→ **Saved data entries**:
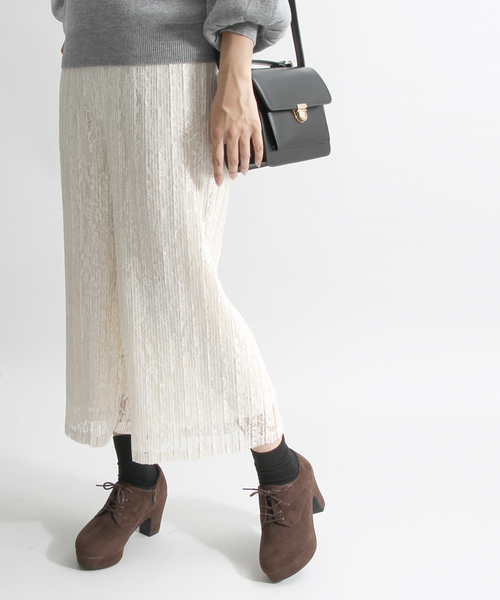 プリーツデザインのスカンツ。ストンとしたワイドシルエットで、スタイルよく見えるラインにこだわったひと品。繊細なレースが着こなしにフェミニンな雰囲気をプラスします。ウエストはゴム仕様にし、リラックスして快適に着用頂けるように仕上げました。今季はショート丈トップスと合わせるような着こなしや、ベレー帽、チョーカーなど、小物で遊びを効かせたコーディネートもオススメです。 ※実際の商品と仕様、加工、サイズが若干異なる場合がございます。
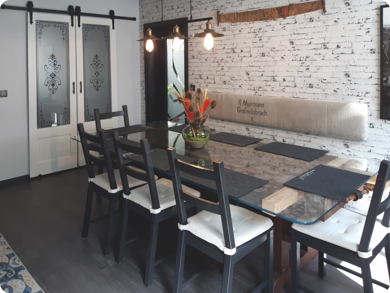 Das einladend gestaltete Esszimmer mit rustikaler Holzbalkendecke ist der zentrale Treffpunkt für gemeinsame Mahlzeiten, gesellige Abende und fröhliche Spielrunden.
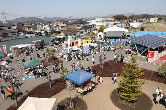 ふじおか幼稚園を会場に特設ステージや飲食、キッチンカー、ワークショップの店舗が集結
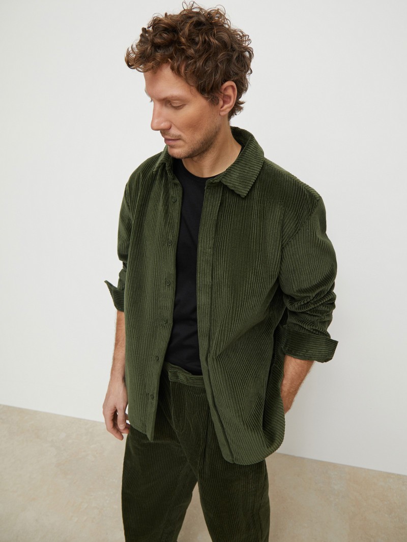 Рубашка из вельвета. Бархатная фактура, плотная ткань и карманы — эту рубашку легко стилизовать с футболками и водолазками вместо традиционного пиджака. - Прямая, стандартной длины - Супатная застежка на пуговицы, карманы по бокам - Французский вельвет на основе хлопка — дышащий, приятный к коже и согревающий материал - У ткани выраженный мягкий ворс, она не просвечивает, мало истирается и долго служит - Переработанный полиэстер — вторичное сырье, помогает уменьшить количество пластика на планете Сделано в Беларуси.
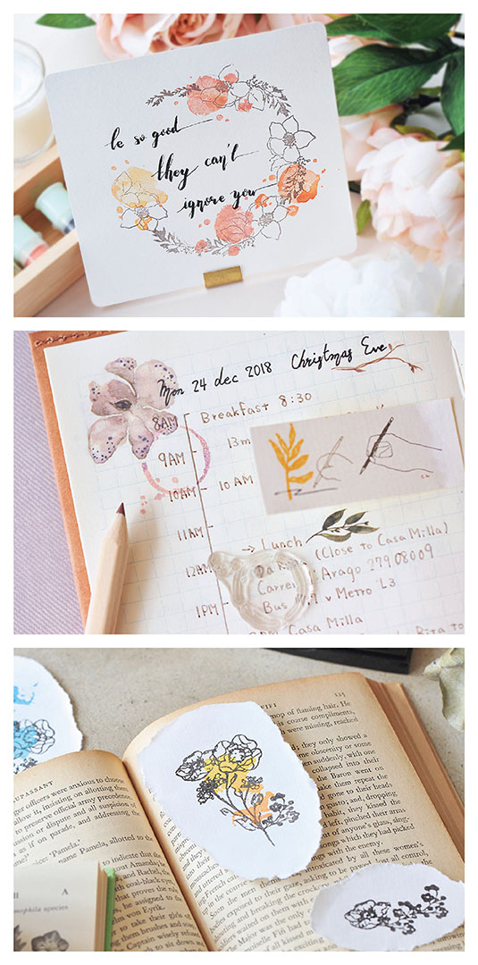 水晶拼貼印章,這此的新系列將水彩筆刷章轉化成具象的陰刻花草,和美麗的花草線條相輔相成,大膽的疊蓋,營造出花影搖曳的美景。
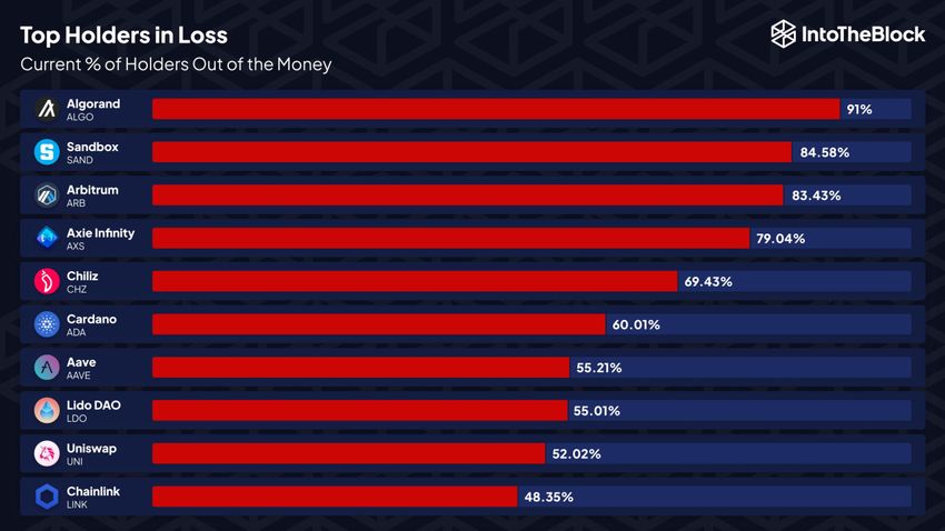 실제로 알고랜드(ALGO), 샌드박스(SAND), 아비트럼(ARB) 투자자의 80% 이상이 현재 손실에 직면해 있습니다.
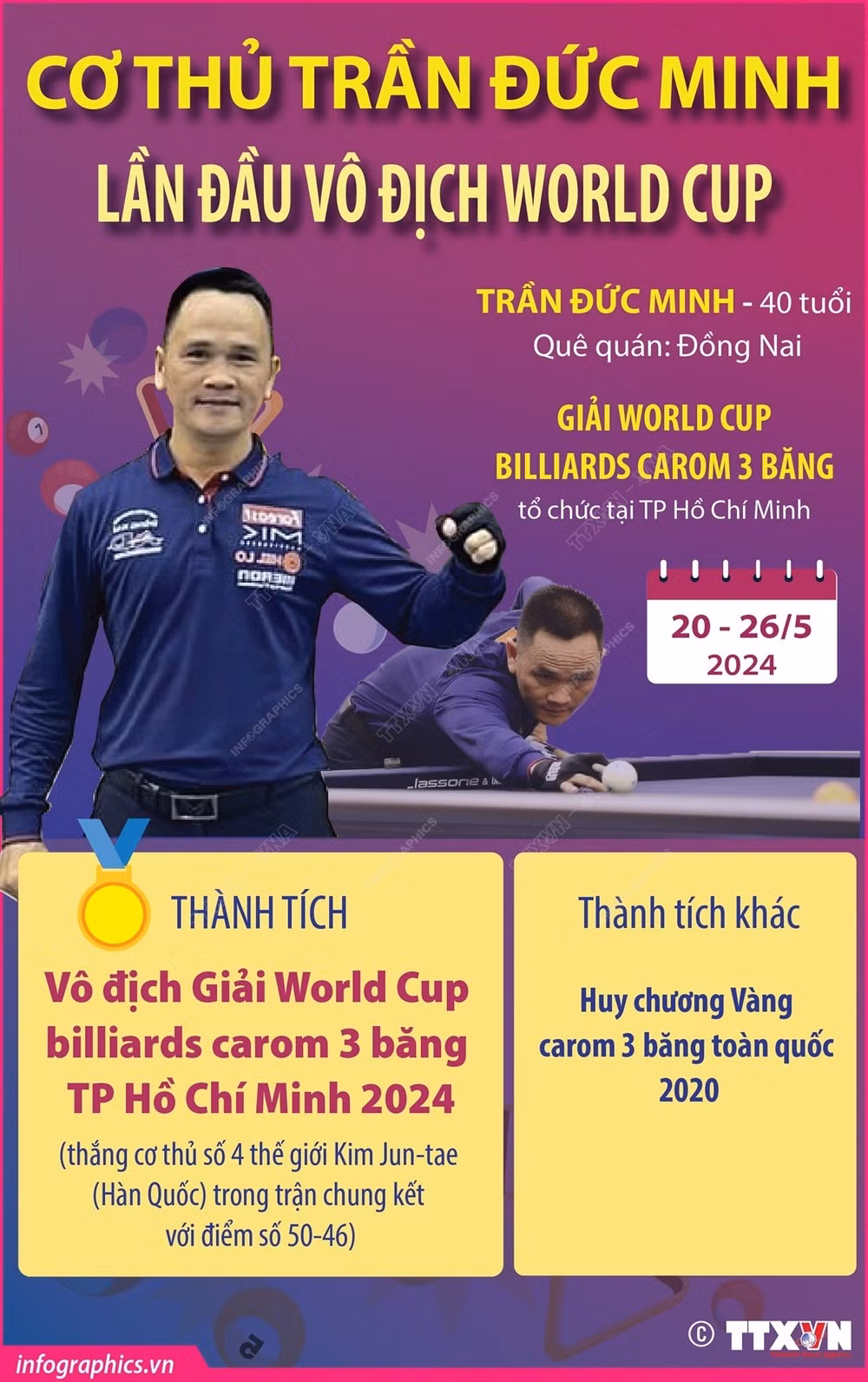 Cơ thủ Trần Đức Minh đã xuất sắc đánh bại đối thủ hạng 4 thế giới Kim Jun Tae (Hàn Quốc) trong trận chung kết để giành chức vô địch World Cup billiards carom 3 băng Thành phố Hồ Chí Minh 2024.
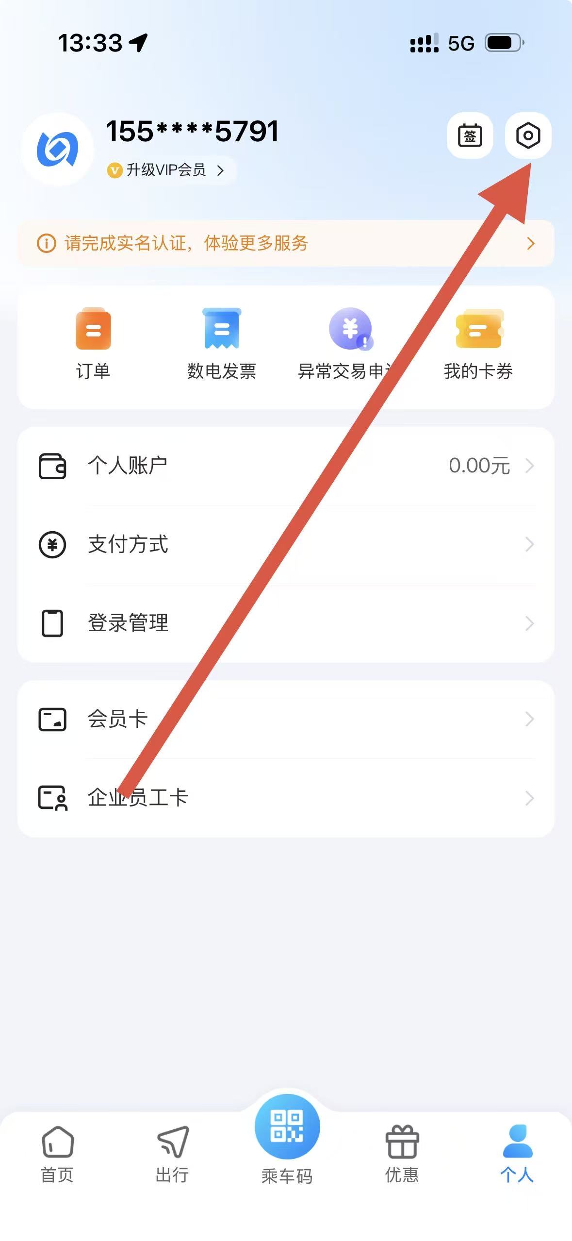 2、在個人頁面,點擊右上角設(shè)置圖標(biāo)進入設(shè)置界面。
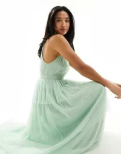 Vila Petite – Vestito Midi Da Damigella In Tulle Verde Menta Con Gonna A Balze Allacciato Al Collo
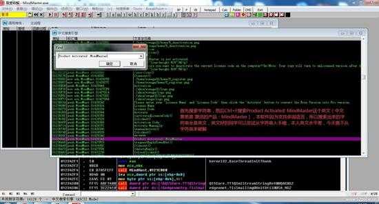 三、接下来我们开始破解,软件没有加壳,直接拖入OD进行分析(在此用的是吾爱专版OD),载入OD后搜索字符串,搜索到字符串之后Ctrl+F搜索“Product Activated: MindMaster”这个英文,中文意思是产品激活,这个软件搜索的字符串里面全是英文,本篇文章不从字符串入手(ps:对英文太菜)。英文好的同学可以从字符串入手哦,从字符串也是可以破解的。(如下图)
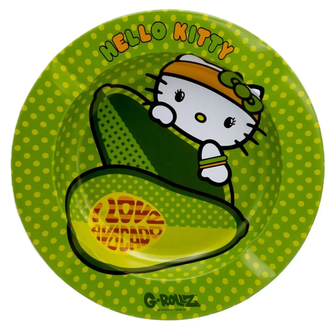 G-Rollz Hello Kitty Avocado Ashtray er et askebæger i letvægtsmetal med et farverigt design. Hello Kitty gemmer sig bag en skive af sin favoritfrugt avocado i dette charmerende og humoristiske motiv. Det er et askebæger med personlighed.
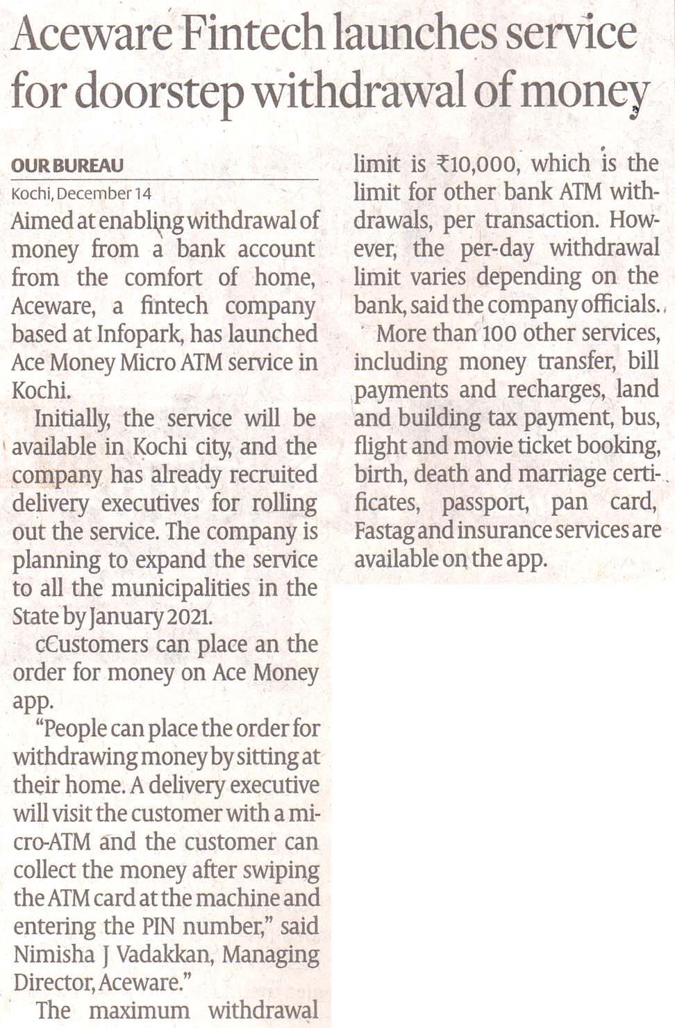 Aimed at enabling withdrawal of money from a bank account from the comfort of home, Aceware, a fintech company based at Infopark, has launched Ace Money Micro ATM service in Kochi. Initially, the service will be available in Kochi city, and the company has already recruited delivery executives for rolling out the service. The company is planning to expand the service to all the municipalities in the State by January 2021. Customers can place the order for money on Ace Money app. “People can place the order for withdrawing money by sitting at their home. A delivery executive will visit the customer with a micro-ATM and the customer can collect the money after swiping the ATM card at the machine and entering the PIN number,” said Nimisha J Vadakkan, Managing Director, Aceware. The maximum withdrawal limit is ₹10,000, which is the limit for other bank ATM withdrawals, per transaction. However, the per-day withdrawal limit varies depending on the bank, said the company officials. More than 100 other services, including money transfer, bill payments and recharges, land and building tax payment, bus, flight and movie ticket booking, birth, death and marriage certificates, passport, pan card, Fastag and insurance services are available on the app
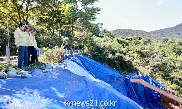 청라터널 사면 붕괴지를 점검한 김 시장은 “지난 집중호우 때 취약점을 보인 곳이기 때문에 더욱 세밀한 점검이 필요하다”라며 “피해 예방을 위해 필요한 모든 조치를 해주기를 바란다”라고 지시했다.
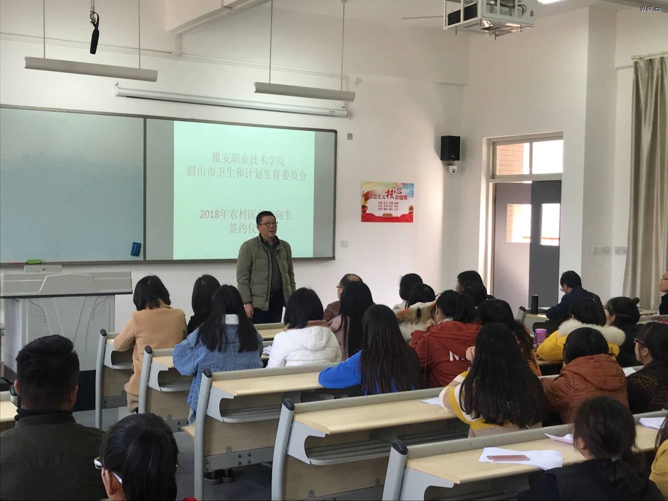 12月3日下午,太阳集团tyc151临床医学专业眉山市农村医学定向培养就业协议签约仪式在经开区实训与服务中心2304举行。眉山市卫计委科长胡燕,人才招聘处处长宋峰,临床医学院经理薛正毅,太阳集团tyc151书记孙玉锦,辅导员严一峰,以及前期报名并通过审核的临床医学专业55名员工和10余位家长参加了签约仪式。
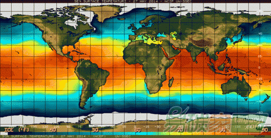 美國(guó)國(guó)家海洋和大氣管理局(NOAA)于2015年5月27日(下圖)和2014年5月27日(上圖)發(fā)布的全球海洋平均溫度。
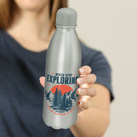 Classic 750ml aluminium drink bottle with a timeless design and a smart painted finish. It is BPA-free, has a secure screw on lid and it can be presented in an optional black gift box. This product is not dishwasher safe and handwashing is recommended.
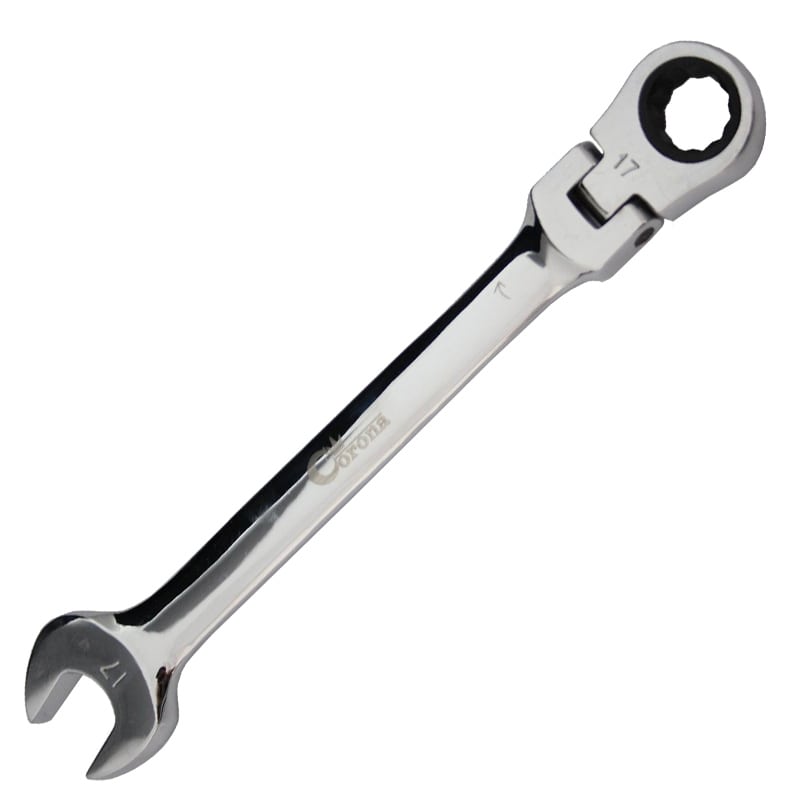 Klucz płasko-oczkowy przegubowy z grzechotką.
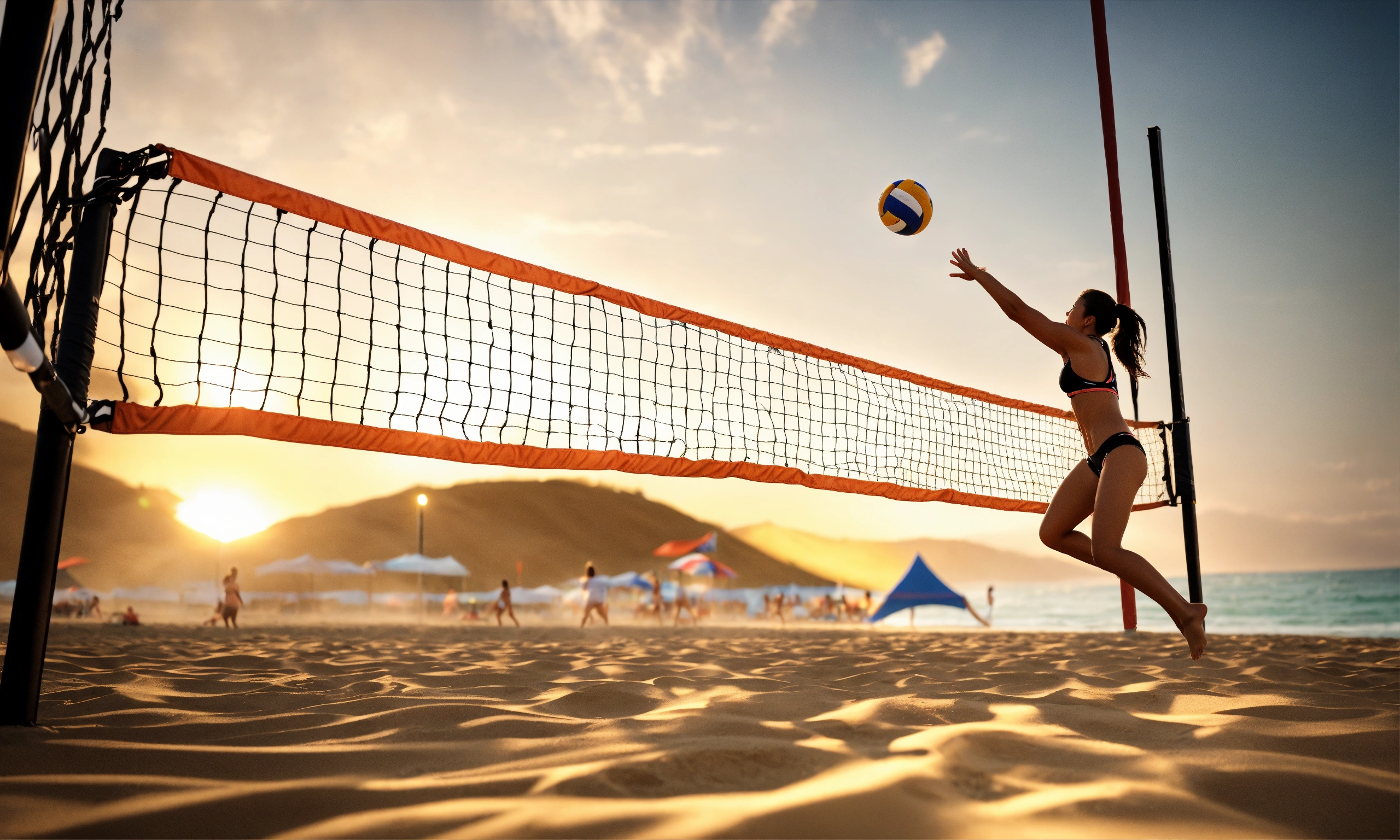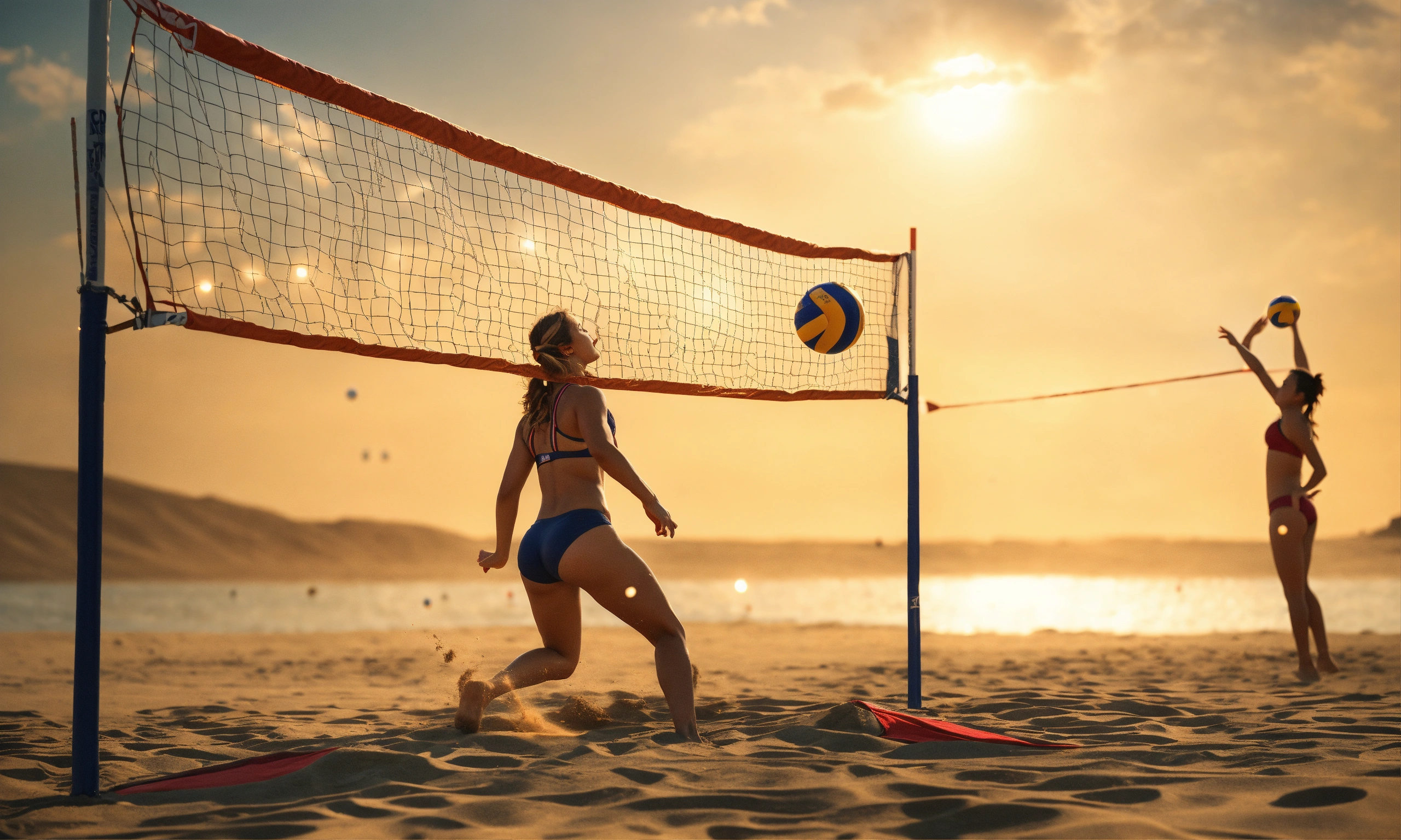 Women's beach volleyball on the sand. girl jumps and hits the ball over a volleyball net. female back bodies, girls game with a grid. team, group sport game. summertime. octane render, trending on artstation, highly detailed, lighting, professional, realistic, sharp focus, 4k, 8k, high resolution, candid, personal, –testp, bright lighting, ultra-detailed, bright lighting, photo, high quality photo, cinematic shot, volumetric light, imax

→ **Problem to work on**:
Print, word for word, the lines above that run from the line containing "12月3日下午,太阳集团ty" to the line containing "Classic 750ml aluminium", both included. Keep the pictures out.

→ **Worked solution**:
 12月3日下午,太阳集团tyc151临床医学专业眉山市农村医学定向培养就业协议签约仪式在经开区实训与服务中心2304举行。眉山市卫计委科长胡燕,人才招聘处处长宋峰,临床医学院经理薛正毅,太阳集团tyc151书记孙玉锦,辅导员严一峰,以及前期报名并通过审核的临床医学专业55名员工和10余位家长参加了签约仪式。
 美國(guó)國(guó)家海洋和大氣管理局(NOAA)于2015年5月27日(下圖)和2014年5月27日(上圖)發(fā)布的全球海洋平均溫度。
 Classic 750ml aluminium drink bottle with a timeless design and a smart painted finish. It is BPA-free, has a secure screw on lid and it can be presented in an optional black gift box. This product is not dishwasher safe and handwashing is recommended.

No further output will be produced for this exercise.